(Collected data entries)
---+---

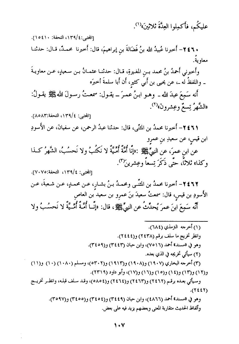 2460 - أَخْبَرَنَا عُبَيْدُ اللهِ بْنُ فَضَالَةَ بْنِ إِبْرَاهِيمَ، قَالَ: أَخْبَرَنَا مُحَمَّدٌ، قَالَ: حَدَّثَنَا مُعَاوِيَةُ، وَأَخْبَرَنِي أَحْمَدُ بْنُ مُحَمَّدِ بْنِ الْمُغِيرَةِ، قَالَ: حَدَّثَنَا عُثْمَانُ بْنُ سَعِيدٍ، عَنْ مُعَاوِيَةَ، وَاللَّفْظُ لَهُ عَنْ يَحْيَى بْنِ أَبِي كَثِيرٍ، أَنَّ أَبَا سَلَمَةَ، أَخْبَرَهُ أَنَّهُ، سَمِعَ عَبْدَ اللهِ وَهُوَ ابْنُ عُمَرَ يَقُولُ: سَمِعْتُ رَسُولَ اللهِ صَلَّى اللهُ عَلَيْهِ وَسَلَّمَ يَقُولُ: «§الشَّهْرُ تِسْعٌ وَعِشْرُونَ»
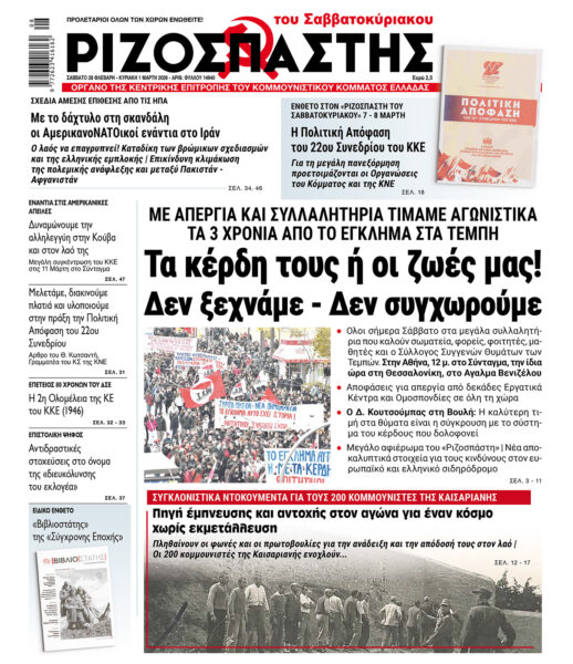 “Ριζοσπάστης” Σαββατοκύριακου 28 Φλεβάρη – 1 Μάρτη
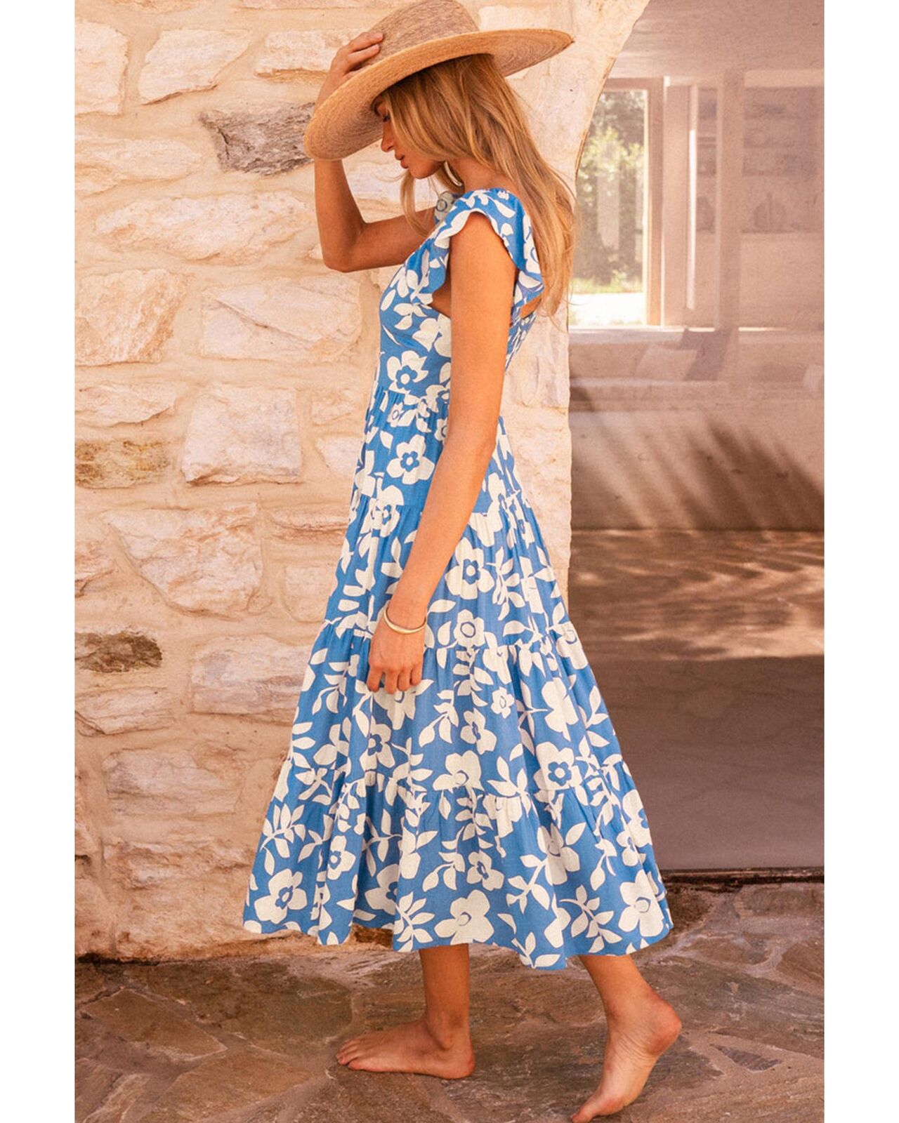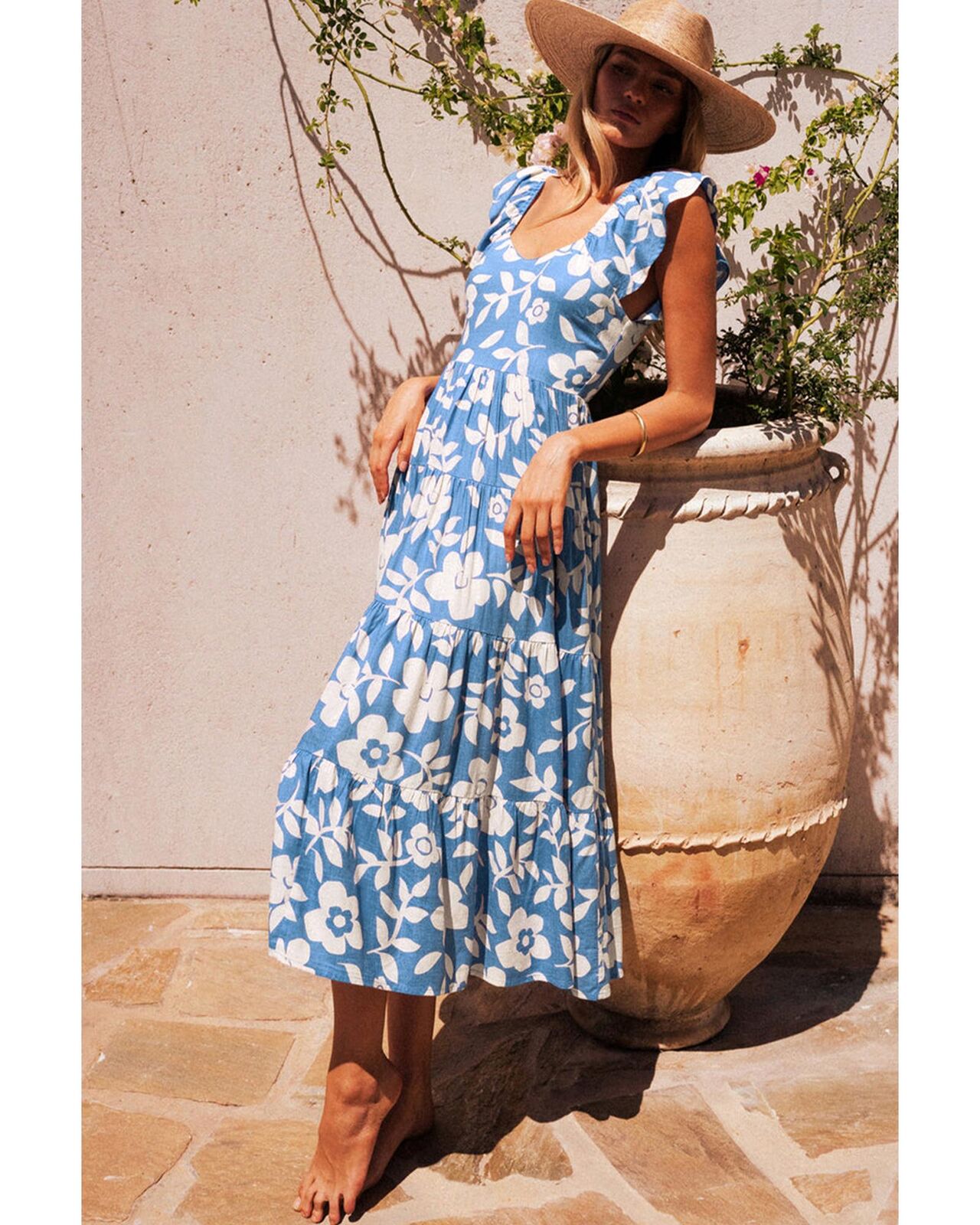 • Sky Blue U Neck Midi Dress with Floral Pattern
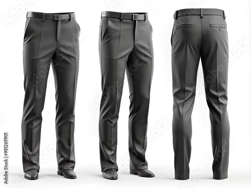 3D rendering of blank black mens pants mockup from different views Isolated mockup of classic loungewear jeans for males. AI Generative
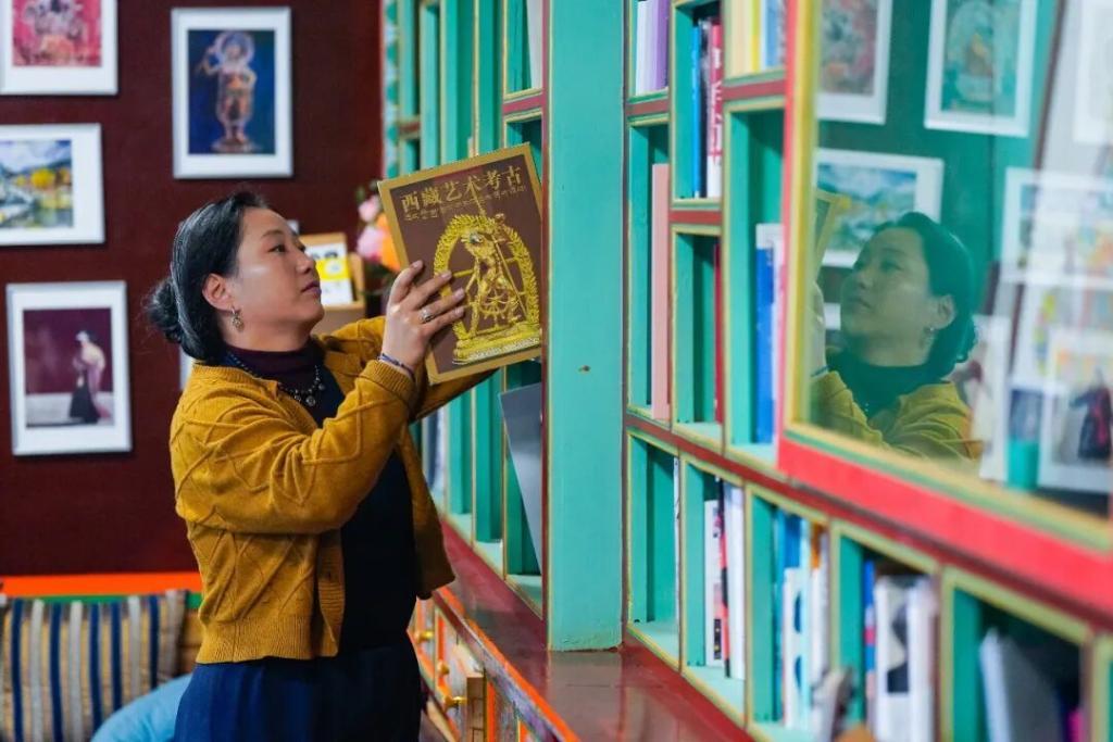 達瓦卓瑪在“欽樂民宿”公共空間整理提供給住客閱讀的書籍。

---+---

→ WHAT TO WORK ON:
Write every entry out again exactly, dropping the pictures.

→ SOLUTION TO THIS TASK:
 2460 - أَخْبَرَنَا عُبَيْدُ اللهِ بْنُ فَضَالَةَ بْنِ إِبْرَاهِيمَ، قَالَ: أَخْبَرَنَا مُحَمَّدٌ، قَالَ: حَدَّثَنَا مُعَاوِيَةُ، وَأَخْبَرَنِي أَحْمَدُ بْنُ مُحَمَّدِ بْنِ الْمُغِيرَةِ، قَالَ: حَدَّثَنَا عُثْمَانُ بْنُ سَعِيدٍ، عَنْ مُعَاوِيَةَ، وَاللَّفْظُ لَهُ عَنْ يَحْيَى بْنِ أَبِي كَثِيرٍ، أَنَّ أَبَا سَلَمَةَ، أَخْبَرَهُ أَنَّهُ، سَمِعَ عَبْدَ اللهِ وَهُوَ ابْنُ عُمَرَ يَقُولُ: سَمِعْتُ رَسُولَ اللهِ صَلَّى اللهُ عَلَيْهِ وَسَلَّمَ يَقُولُ: «§الشَّهْرُ تِسْعٌ وَعِشْرُونَ»
 “Ριζοσπάστης” Σαββατοκύριακου 28 Φλεβάρη – 1 Μάρτη
 • Sky Blue U Neck Midi Dress with Floral Pattern
 3D rendering of blank black mens pants mockup from different views Isolated mockup of classic loungewear jeans for males. AI Generative
 達瓦卓瑪在“欽樂民宿”公共空間整理提供給住客閱讀的書籍。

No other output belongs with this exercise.